Top of GIVEN INFORMATION

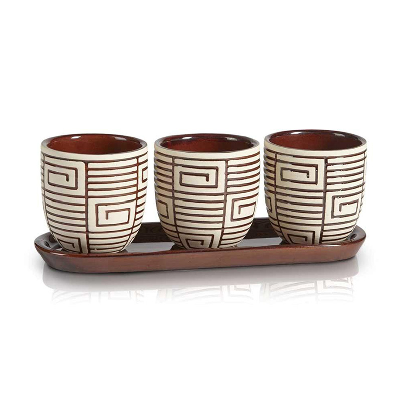 Комплект от 3 броя саксии с обща подложка от серията 23 collection на марката POLNIX. Комплектът е с размери 23 x 7 см. Изработен е от керамика. Орнаментите по стените на саксиите са в гръцки стил. Много подходящи са за кактуси. Идеални за декорация на дома.
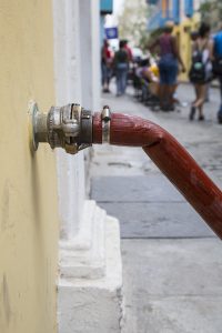 Studies began in 1980 to build wastewater treatment plants upstream from Havana Bay. Sadly, lack of funding was a major roadblock: the Cuban government doesn’t have the money to build them, so most were dropped. Moving the oil refinery away from the bay is an enormous and highly symbolic project. But with an estimated budget of 1.5 billion, making the shoreline livable with beaches, swimming areas, and sailing clubs is a dream that’s been put on hold. Still, a handful of projects are taking shape with funding from Spanish donors. One of our guests commented, “That’s the problem in developing countries; we need to modernize our infrastructure but there’s not enough funding.” In Havana’s streets, it’s a harsh reality. Water outages happen nearly every day. Some neighborhoods have been without running water for over two months. Tanker trucks deliver water to apartment buildings, hotels, and restaurants, giving priority to the heavily-touristed old town while neglecting residential neighborhoods. On the outskirts of Old Havana, in an alley with crumbling pavement, seven pipes stick out of the ground. Our guide, Michel, tells us, “This is where the tanker trucks fill up.” We’re not sure whether to laugh or cry.
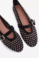 Šių damskių balerinų vyšnia yra jų unikalus ažūrinių detalių dizainas, kuris suteikia joms subtilų ir stilingą išskirtinumą. Kristalai, išdėstyti ant paviršiaus, prideda švytėjimą, kuris puikiai tarpusavyje derinasi su klasikinėmis balerinų linijomis. Su dirželiu per pėdą, jos ne tik atrodo elegantiškai, bet ir suteikia papildomą stabilumą ir saugumą avėjimui.
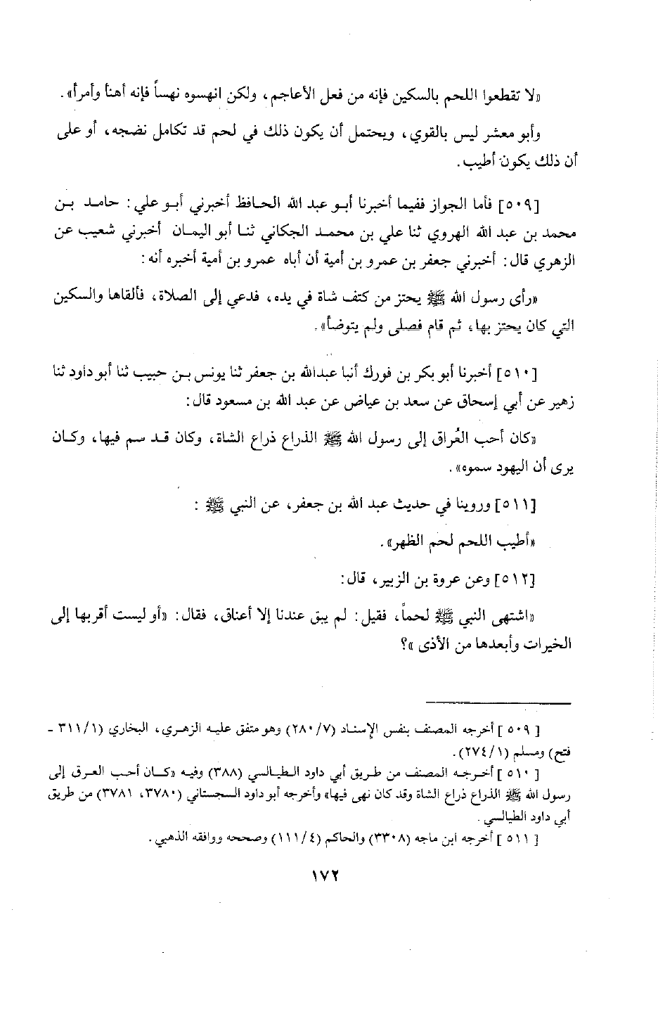 416 - أَخْبَرَنَا أَبُو بَكْرِ بْنُ فُورَكٍ، أَنْبَأَنَا عَبْدُ اللَّهِ بْنُ جَعْفَرٍ، حَدَّثَنَا يُونُسُ بْنُ حَبِيبٍ، حَدَّثَنَا أَبُو دَاوُدَ، حَدَّثَنَا زُهَيْرٌ، عَنْ أَبِي إِسْحَاقَ، عَنْ سَعِيدِ بْنِ عِيَاضٍ، عَنْ عَبْدِ اللَّهِ بْنِ مَسْعُودٍ قَالَ: كَانَ §أَحَبَّ الْعِرَاقِ إِلَى رَسُولِ اللَّهِ صَلَّى اللَّهُ عَلَيْهِ وَسَلَّمَ الذِّرَاعُ ذِرَاعُ الشَّاةِ، وَكَانَ قَدْ سُمَّ فِيهَا، وَكَانَ يَرَى أَنَّ الْيَهُودَ سَمُّوهُ. وَرُوِّينَا فِي حَدِيثِ عَبْدِ اللَّهِ بْنِ جَعْفَرٍ، عَنِ النَّبِيِّ صَلَّى اللَّهُ عَلَيْهِ وَسَلَّمَ «أَطْيَبُ اللَّحْمِ لَحْمُ الظَّهْرِ» . وَعَنْ عُرْوَةَ بْنِ الزُّبَيْرِ قَالَ: اشْتَهَى النَّبِيُّ صَلَّى اللَّهُ عَلَيْهِ وَسَلَّمَ لَحْمًا، فَقِيلَ لَمْ يَبْقَ عِنْدَنَا إِلَّا الْأَعْنَاقُ، فَقَالَ: «أَوَلَيْسَتْ أَقْرَبَهَا إِلَى الْخَيْرَاتِ وَأَبْعَدَهَا مِنَ الْأَذَى»
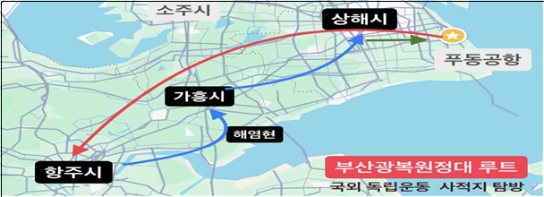 ‘부산광복원정대’는 제79주년 광복절을 맞아, 타국에서 헌신하신 애국선열들의 독립운동 발자취를 돌아보고, 숭고한 독립운동 정신을 되새기기 위해 올해 처음 시작한다. 올해는 중국 상해와 항주 등의 독립운동 사적지를 탐방한다.
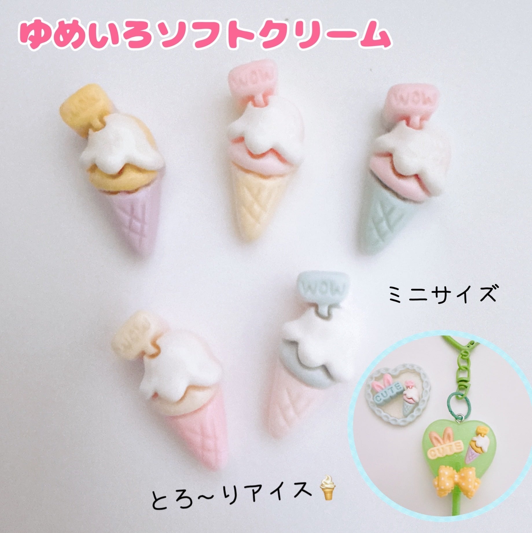 D130)ランダム4個 ミニサイズ ゆめいろソフトクリーム ゆめかわ とろーり 生クリーム スプーン パーツ デコパーツ 模造食品
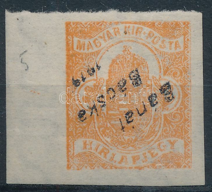 Leírás: Bánát-Bácska 1919 Hírlapbélyeg fordított felülnyomással, Bodor vizsgálójellel (15.000)

Bottom of GIVEN INFORMATION

**WORK REQUEST**
Apart from the pictures, set down all the entries above exactly.

**THE ANSWER**
 Комплект от 3 броя саксии с обща подложка от серията 23 collection на марката POLNIX. Комплектът е с размери 23 x 7 см. Изработен е от керамика. Орнаментите по стените на саксиите са в гръцки стил. Много подходящи са за кактуси. Идеални за декорация на дома.
 Studies began in 1980 to build wastewater treatment plants upstream from Havana Bay. Sadly, lack of funding was a major roadblock: the Cuban government doesn’t have the money to build them, so most were dropped. Moving the oil refinery away from the bay is an enormous and highly symbolic project. But with an estimated budget of 1.5 billion, making the shoreline livable with beaches, swimming areas, and sailing clubs is a dream that’s been put on hold. Still, a handful of projects are taking shape with funding from Spanish donors. One of our guests commented, “That’s the problem in developing countries; we need to modernize our infrastructure but there’s not enough funding.” In Havana’s streets, it’s a harsh reality. Water outages happen nearly every day. Some neighborhoods have been without running water for over two months. Tanker trucks deliver water to apartment buildings, hotels, and restaurants, giving priority to the heavily-touristed old town while neglecting residential neighborhoods. On the outskirts of Old Havana, in an alley with crumbling pavement, seven pipes stick out of the ground. Our guide, Michel, tells us, “This is where the tanker trucks fill up.” We’re not sure whether to laugh or cry.
 Šių damskių balerinų vyšnia yra jų unikalus ažūrinių detalių dizainas, kuris suteikia joms subtilų ir stilingą išskirtinumą. Kristalai, išdėstyti ant paviršiaus, prideda švytėjimą, kuris puikiai tarpusavyje derinasi su klasikinėmis balerinų linijomis. Su dirželiu per pėdą, jos ne tik atrodo elegantiškai, bet ir suteikia papildomą stabilumą ir saugumą avėjimui.
 416 - أَخْبَرَنَا أَبُو بَكْرِ بْنُ فُورَكٍ، أَنْبَأَنَا عَبْدُ اللَّهِ بْنُ جَعْفَرٍ، حَدَّثَنَا يُونُسُ بْنُ حَبِيبٍ، حَدَّثَنَا أَبُو دَاوُدَ، حَدَّثَنَا زُهَيْرٌ، عَنْ أَبِي إِسْحَاقَ، عَنْ سَعِيدِ بْنِ عِيَاضٍ، عَنْ عَبْدِ اللَّهِ بْنِ مَسْعُودٍ قَالَ: كَانَ §أَحَبَّ الْعِرَاقِ إِلَى رَسُولِ اللَّهِ صَلَّى اللَّهُ عَلَيْهِ وَسَلَّمَ الذِّرَاعُ ذِرَاعُ الشَّاةِ، وَكَانَ قَدْ سُمَّ فِيهَا، وَكَانَ يَرَى أَنَّ الْيَهُودَ سَمُّوهُ. وَرُوِّينَا فِي حَدِيثِ عَبْدِ اللَّهِ بْنِ جَعْفَرٍ، عَنِ النَّبِيِّ صَلَّى اللَّهُ عَلَيْهِ وَسَلَّمَ «أَطْيَبُ اللَّحْمِ لَحْمُ الظَّهْرِ» . وَعَنْ عُرْوَةَ بْنِ الزُّبَيْرِ قَالَ: اشْتَهَى النَّبِيُّ صَلَّى اللَّهُ عَلَيْهِ وَسَلَّمَ لَحْمًا، فَقِيلَ لَمْ يَبْقَ عِنْدَنَا إِلَّا الْأَعْنَاقُ، فَقَالَ: «أَوَلَيْسَتْ أَقْرَبَهَا إِلَى الْخَيْرَاتِ وَأَبْعَدَهَا مِنَ الْأَذَى»
 ‘부산광복원정대’는 제79주년 광복절을 맞아, 타국에서 헌신하신 애국선열들의 독립운동 발자취를 돌아보고, 숭고한 독립운동 정신을 되새기기 위해 올해 처음 시작한다. 올해는 중국 상해와 항주 등의 독립운동 사적지를 탐방한다.
 D130)ランダム4個 ミニサイズ ゆめいろソフトクリーム ゆめかわ とろーり 生クリーム スプーン パーツ デコパーツ 模造食品
 Leírás: Bánát-Bácska 1919 Hírlapbélyeg fordított felülnyomással, Bodor vizsgálójellel (15.000)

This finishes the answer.